__Assignment__. Write out every entry exactly as given, but omit the pictures.

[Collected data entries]
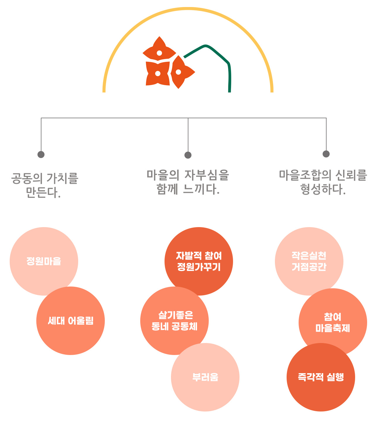 - 마을정원의 확대와 지속적인 관리를 위하여 계절별 정원 수목 식재 및 전정 등의 활동을 합니다.
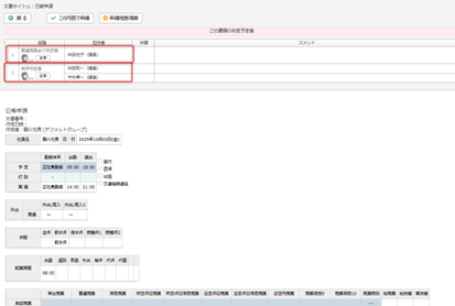 有給休暇の登録があり、なおかつ、退勤時刻は普通残業が発生する時間帯で登録されているので、以下のように判定者が自動追加されます。
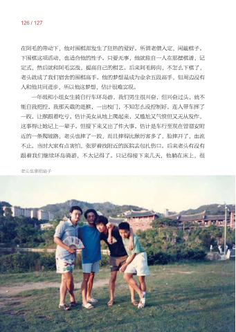 在阿毛的带动下 他对围棋却发生了狂热的爱好。所谓老僧入定 闲敲棋子。 下围棋这项活动 也适合他的性子。只要无事 他就独自一人在那摆棋谱 记 定式 然后就和阿毛实战 提高自己的棋艺。后来阿毛转向 不怎么下棋了 老头就成了我们宿舍的围棋高手。他的梦想是成为业余五段高手 但周边没有 人和他共同进步 所以他这梦想 估计很难实现。
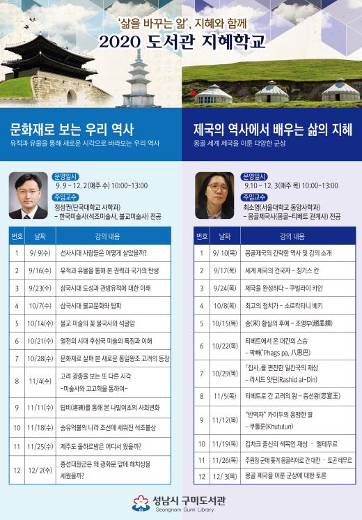 한국사와 세계사를 다루는 2가지의 인문학 강좌가 12회씩 각각 매주 수요일과 목요일 오전 10시 구미도서관 3층 시청각실에서 열린다.
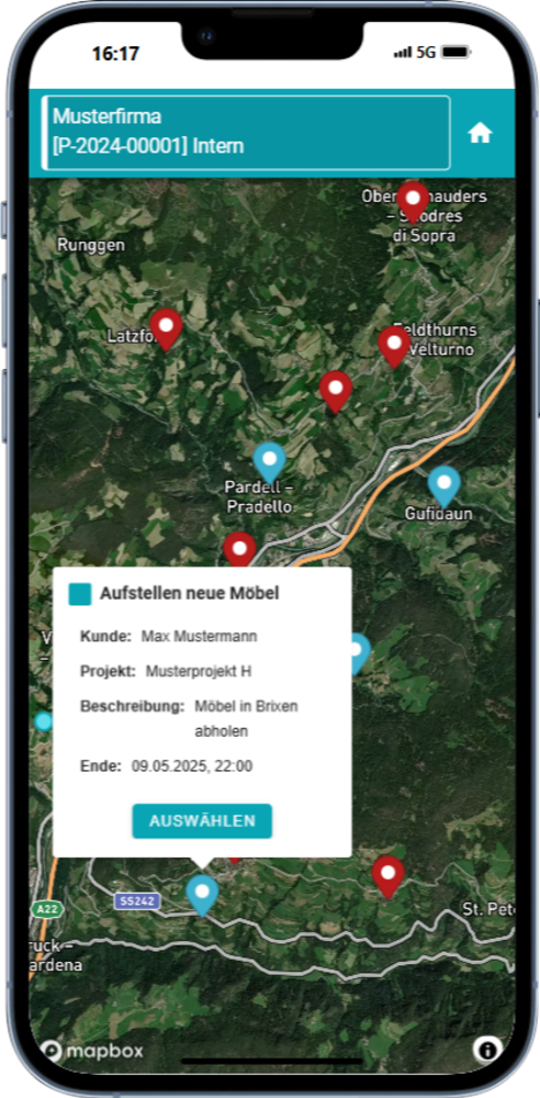 Mit der Kartenansicht alle Aufgaben im Blick – jederzeit, überall.

__Reply to the exercise__.
 - 마을정원의 확대와 지속적인 관리를 위하여 계절별 정원 수목 식재 및 전정 등의 활동을 합니다.
 有給休暇の登録があり、なおかつ、退勤時刻は普通残業が発生する時間帯で登録されているので、以下のように判定者が自動追加されます。
 在阿毛的带动下 他对围棋却发生了狂热的爱好。所谓老僧入定 闲敲棋子。 下围棋这项活动 也适合他的性子。只要无事 他就独自一人在那摆棋谱 记 定式 然后就和阿毛实战 提高自己的棋艺。后来阿毛转向 不怎么下棋了 老头就成了我们宿舍的围棋高手。他的梦想是成为业余五段高手 但周边没有 人和他共同进步 所以他这梦想 估计很难实现。
 한국사와 세계사를 다루는 2가지의 인문학 강좌가 12회씩 각각 매주 수요일과 목요일 오전 10시 구미도서관 3층 시청각실에서 열린다.
 Mit der Kartenansicht alle Aufgaben im Blick – jederzeit, überall.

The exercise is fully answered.